Search the data for the string "with", and report each line where it is found.

+++ Data provided +++

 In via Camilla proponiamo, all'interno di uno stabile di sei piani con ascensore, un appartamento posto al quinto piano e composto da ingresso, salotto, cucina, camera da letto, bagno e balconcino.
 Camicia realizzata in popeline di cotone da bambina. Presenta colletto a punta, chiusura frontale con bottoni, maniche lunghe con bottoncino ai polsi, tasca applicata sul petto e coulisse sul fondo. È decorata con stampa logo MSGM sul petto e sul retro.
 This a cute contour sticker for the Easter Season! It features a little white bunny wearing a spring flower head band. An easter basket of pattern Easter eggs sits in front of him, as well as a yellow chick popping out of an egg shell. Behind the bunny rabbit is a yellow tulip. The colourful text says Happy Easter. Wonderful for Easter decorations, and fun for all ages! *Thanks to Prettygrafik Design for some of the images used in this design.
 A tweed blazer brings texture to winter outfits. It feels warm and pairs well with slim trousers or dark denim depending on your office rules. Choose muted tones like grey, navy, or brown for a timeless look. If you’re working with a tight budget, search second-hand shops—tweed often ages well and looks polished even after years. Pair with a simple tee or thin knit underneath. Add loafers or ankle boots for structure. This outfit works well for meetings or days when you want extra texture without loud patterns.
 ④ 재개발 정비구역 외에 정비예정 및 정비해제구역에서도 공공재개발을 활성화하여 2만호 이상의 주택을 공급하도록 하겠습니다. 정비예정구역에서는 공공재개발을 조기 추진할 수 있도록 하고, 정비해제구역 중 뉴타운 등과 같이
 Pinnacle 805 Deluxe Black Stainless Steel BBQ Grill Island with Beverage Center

+++
+++ Data provided +++

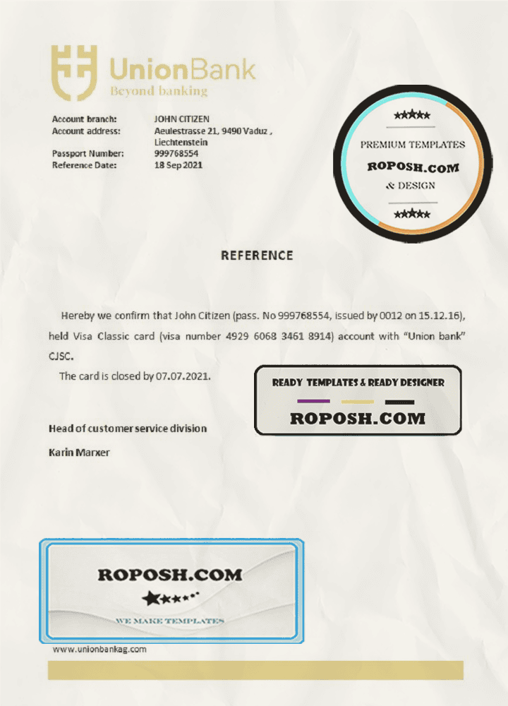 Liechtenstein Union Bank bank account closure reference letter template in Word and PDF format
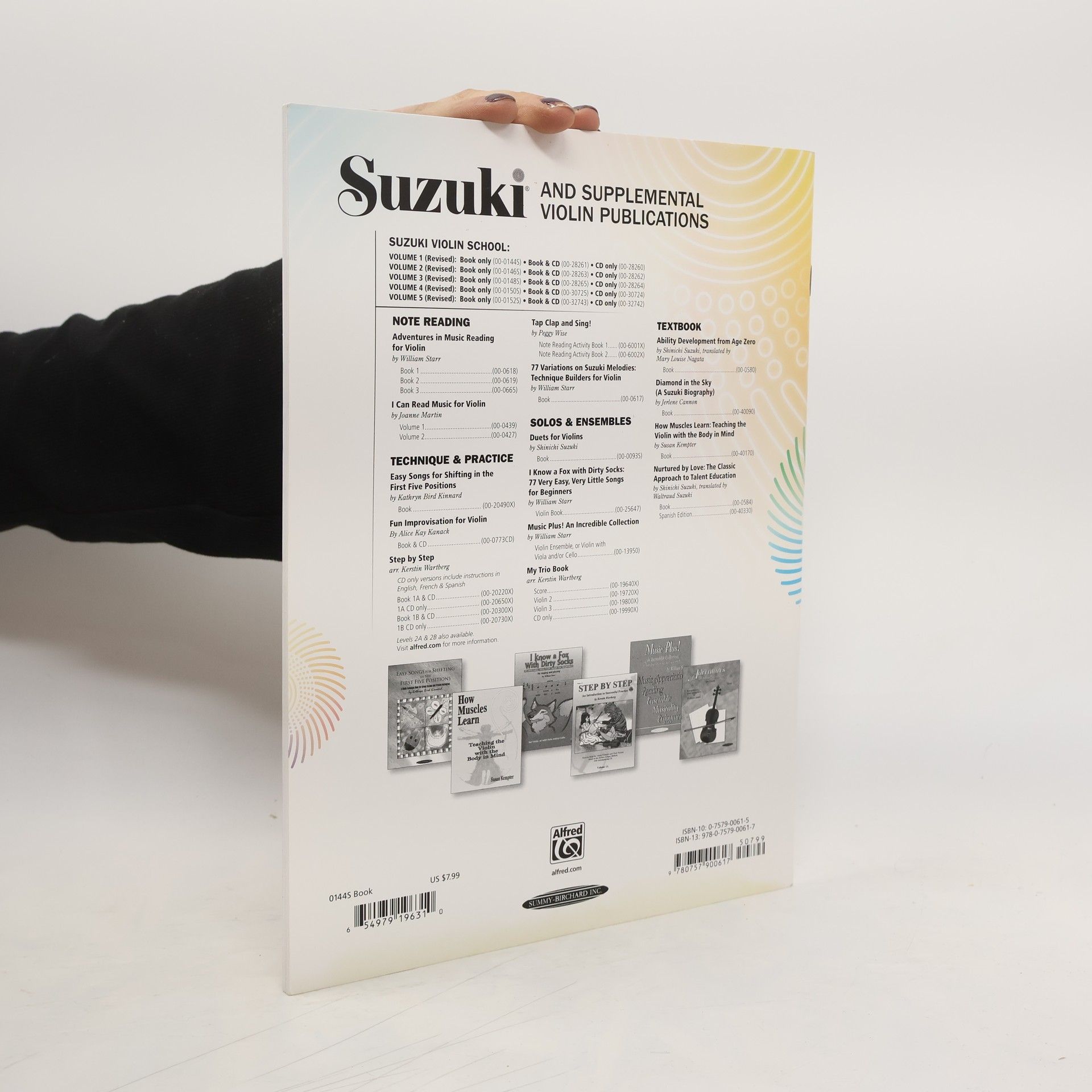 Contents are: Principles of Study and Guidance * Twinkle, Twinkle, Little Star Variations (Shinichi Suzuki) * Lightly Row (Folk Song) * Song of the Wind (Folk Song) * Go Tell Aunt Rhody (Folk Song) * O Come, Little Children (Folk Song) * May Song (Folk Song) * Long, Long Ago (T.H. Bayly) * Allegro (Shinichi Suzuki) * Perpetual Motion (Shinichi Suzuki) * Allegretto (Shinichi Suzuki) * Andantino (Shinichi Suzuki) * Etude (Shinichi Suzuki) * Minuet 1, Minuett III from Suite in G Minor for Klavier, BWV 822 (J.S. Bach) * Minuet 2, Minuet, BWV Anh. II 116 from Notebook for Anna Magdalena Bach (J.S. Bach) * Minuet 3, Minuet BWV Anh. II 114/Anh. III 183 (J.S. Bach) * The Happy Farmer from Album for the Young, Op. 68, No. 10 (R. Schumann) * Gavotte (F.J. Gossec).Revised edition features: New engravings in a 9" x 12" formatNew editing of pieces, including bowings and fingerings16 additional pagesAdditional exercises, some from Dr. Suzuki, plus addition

+++
+++ Data provided +++

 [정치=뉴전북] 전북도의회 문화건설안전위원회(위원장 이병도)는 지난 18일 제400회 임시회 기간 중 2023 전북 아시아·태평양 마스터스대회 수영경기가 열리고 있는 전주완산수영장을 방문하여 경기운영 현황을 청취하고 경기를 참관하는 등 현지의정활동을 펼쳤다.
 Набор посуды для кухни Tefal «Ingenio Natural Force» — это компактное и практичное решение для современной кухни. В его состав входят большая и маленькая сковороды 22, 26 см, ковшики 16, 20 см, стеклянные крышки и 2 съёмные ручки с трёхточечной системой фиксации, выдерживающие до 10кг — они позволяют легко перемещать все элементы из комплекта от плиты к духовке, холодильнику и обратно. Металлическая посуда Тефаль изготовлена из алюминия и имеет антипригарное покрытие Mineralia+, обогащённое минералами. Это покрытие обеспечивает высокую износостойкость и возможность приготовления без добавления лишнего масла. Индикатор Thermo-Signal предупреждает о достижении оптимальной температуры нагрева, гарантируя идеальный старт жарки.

+++

* _Problem solution_:
 A tweed blazer brings texture to winter outfits. It feels warm and pairs well with slim trousers or dark denim depending on your office rules. Choose muted tones like grey, navy, or brown for a timeless look. If you’re working with a tight budget, search second-hand shops—tweed often ages well and looks polished even after years. Pair with a simple tee or thin knit underneath. Add loafers or ankle boots for structure. This outfit works well for meetings or days when you want extra texture without loud patterns.
 Pinnacle 805 Deluxe Black Stainless Steel BBQ Grill Island with Beverage Center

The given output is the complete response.